I was just rebuilding my “ESX in a box” setup. I wanted to install an iSCSI Virtual San Appliance but why should I? Your answer probably is: well because you need shared storage to do a VMotion / HA / DRS etc. Yes you are completely right I do need shared storage to have these capabilities, but there’s no need for an iSCSI VSA or NFS appliance for that matter.
A while ago Bouke G. of Jume wrote a nice blog on how to set up shared storage without a SAN appliance. In short you just create an additional disk(scsi id 1:0) on the first ESX VM. Close down VMware Workstation and edit your .vmx file. I would suggest a copy and paste of the following lines and remove the duplicate lines. (scsi1:0.filename etc)
scsi1.present = “TRUE”
scsi1.virtualDev = “lsilogic”
scsi1.sharedBus = “VIRTUAL”
scsi1:0.present = “TRUE”
scsi1:0.fileName = “D:\Virtual Machines\shared_disk.vmdk”
scsi1:0.mode = “independent-persistent”
scsi1:0.redo = “”disk.locking = “FALSE”
diskLib.dataCacheMaxSize = “0″
diskLib.dataCacheMaxReadAheadSize = “0″
diskLib.dataCacheMinReadAheadSize = “0″
diskLib.dataCachePageSize = “4096″
diskLib.maxUnsyncedWrites = “0″
Now copy the correct .vmx entries to the second ESX VM’s .vmx file and just boot them up. It’s as simple as that. Yes I know setting up iSCSI isn’t difficult but this will save you precious memory, especially when running this as a demo kit on your laptop!

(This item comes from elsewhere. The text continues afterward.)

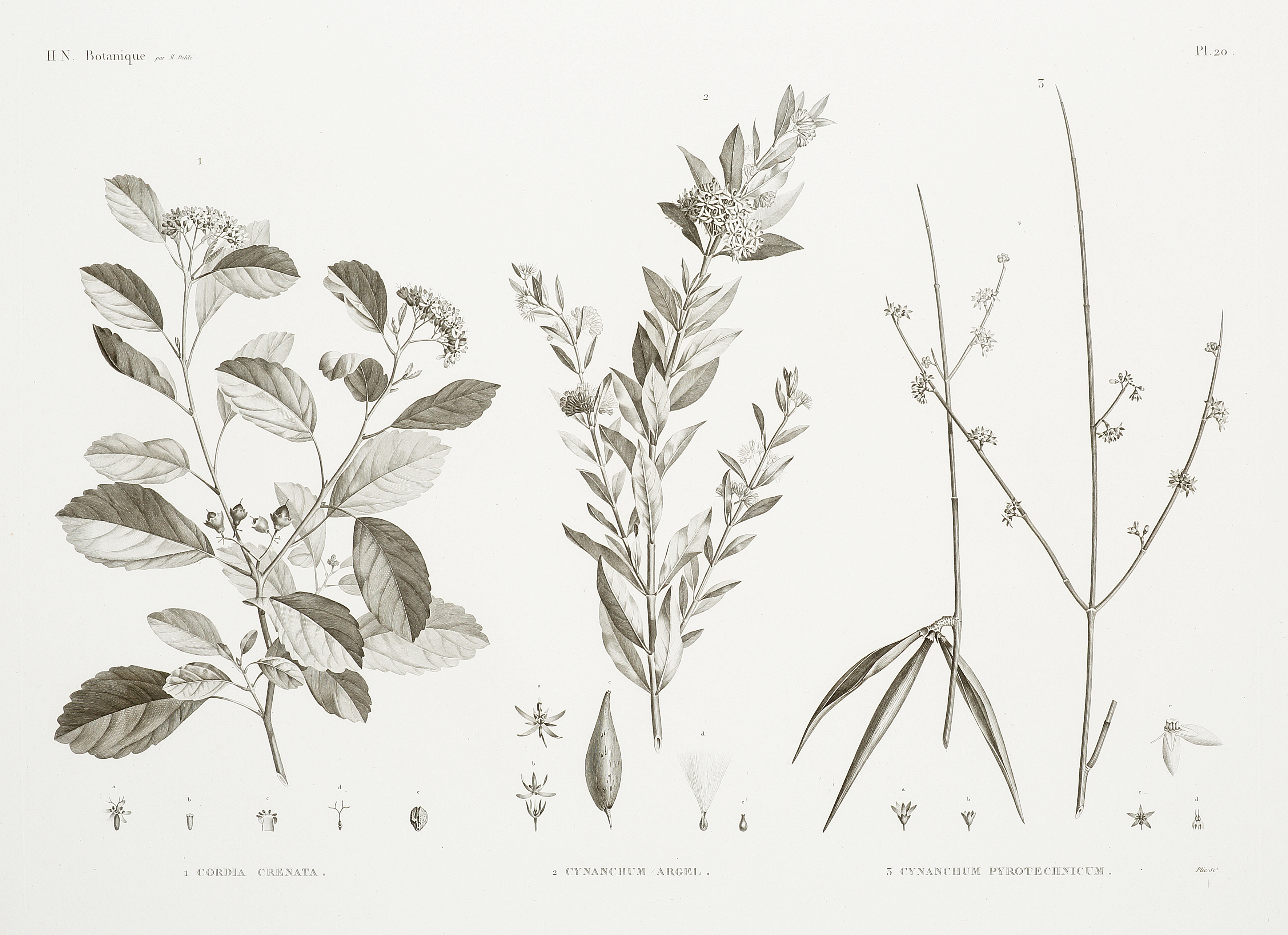 1. Cordia Crenata 2. Cynanchum Argel 3. Cynanchum Pyrotechnicum - Antique Print from 1819

One reason to setup a virtual SAN is to test Site Recovery Manager. This is because it only works with a known 3th party replication adapater like Netapp. I wrote a document about it with a setup of the Netapp simulator@ http://www.tendam.info
The fun is that you can use this simulator to supply esx with an iscsi lun, a raw lun or NFS and test storage migration, vmotion and other stuff. It just works like a real netapp appliance.
Thanks for this tip, this is much easier to sertup and test shared storage options!